— Честно говоря, я об этом не задумывался, — сказал Денис, покачивая головой. — Правда, что этот твой Чивокун — бывший уголовник?
Роман кивнул, вкусно разгрызая куриную ножку:
— Конечно. Сидел дважды. Один раз по малолетке залетел, второй — за грабеж, третий раз — за изнасилование. Но уже не сел, отмазался.
— А не противно ему помогать? — покачал головой Денис. — Душегубу-насильнику?
Роман посмотрел на него, словно на умственно отсталого:
— Исправленному — верить! Он получил свое, одумался, по мелочам больше не ворует. И трахает теперь только по согласию или за бабки, что одно и то же. Законы не нарушает, потому что сам их пишет или придумывает.
— Брось ты! — в сердцах сказал Денис. — Ты веришь, что бандита можно перевоспитать? Просто теперь отмазываться проще, да и возможности у него для этого появились.
— Не в этом дело, — пожал плечами Роман и пояснил: — Есть работа, ее нужно выполнить как можно лучше. Чивокун не лучше и не хуже других. Ляшенко не сидел только потому, что вырос не в шахтерском поселке, а в городе. А украл он примерно столько же, но не рэкетом, торговлей оружием и наркотиками, а непонятной для большинства торговлей энергоносителями и банковскими махинациями.
— Хрен редьки не слаще, — согласился Денис.
— Конечно. — Роман налил себе и приятелю водки, приглашающе поднял рюмку, выпил, не дожидаясь, пока Денис поднимет свою. — Ты же помнишь, какое было время! Были законы, но их никто не соблюдал, а потом и законов не стало, потому что не стало государств. Это американцы сейчас могут поучать: проводите выборы честно и демократически. Они что, так сильно переживают за демократические права шахтера из Макеевки или рыбака из Одессы? Они волнуются, чтобы игра шла по их правилам. Это же очень выгодно — самому устанавливать правила.
Гребски опрокинул свою рюмку в рот, проговорил:
— Но правила должны быть. Иначе будет беззаконие, что невыгодно вообще никому.
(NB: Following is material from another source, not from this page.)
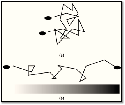 Figure 1. Motion of peritrichous bacteria. (a) Random walk in an isotropic medium. (b) Biased random walk in a gradient of an attractant or repellent.

— Демократия? Не смеши меня. Законность? Я тебя умоляю! Когда президент самой богатой и демократичной страны в мире вваливает за щеку простой практикантке прямо в Овальном кабинете Белого дома, это что — проявление демократии?
— Это издержки демократии, — пояснил Денис. — Там все было не так просто. Президент тоже живой человек. Понятно, что он был не прав…
— Вот-вот! — взмахнул рукой Роман. — Не прав и раскаялся тотчас же, как был пойман за руку или за что там его поймали? Студента, пойманного на экзамене со шпаргалкой, выгоняют с позором, потому что это обман. А президенту, который врет под присягой, что девка ему не отсосала, и, пойманному на вранье, не дают пинка под зад, это — приверженность букве закона? Все это условности. Помнишь, у Фазиля Искандера: «Мы все равны, но некоторые — равнее…» Поэтому для некоторых закон не писан.
— И ты на их стороне? — Денис с интересом посмотрел на старого друга.
Тот развел руками:
— А на чьей еще быть? Уйти в подполье и делать революцию? Чтобы привести к власти ублюдка, который будет ничуть не лучше? Или торчать перед Думой и толпе таких лохов с плакатиками?
— Ты стал циничным, — откидываясь на спинку стула, сказал Денис.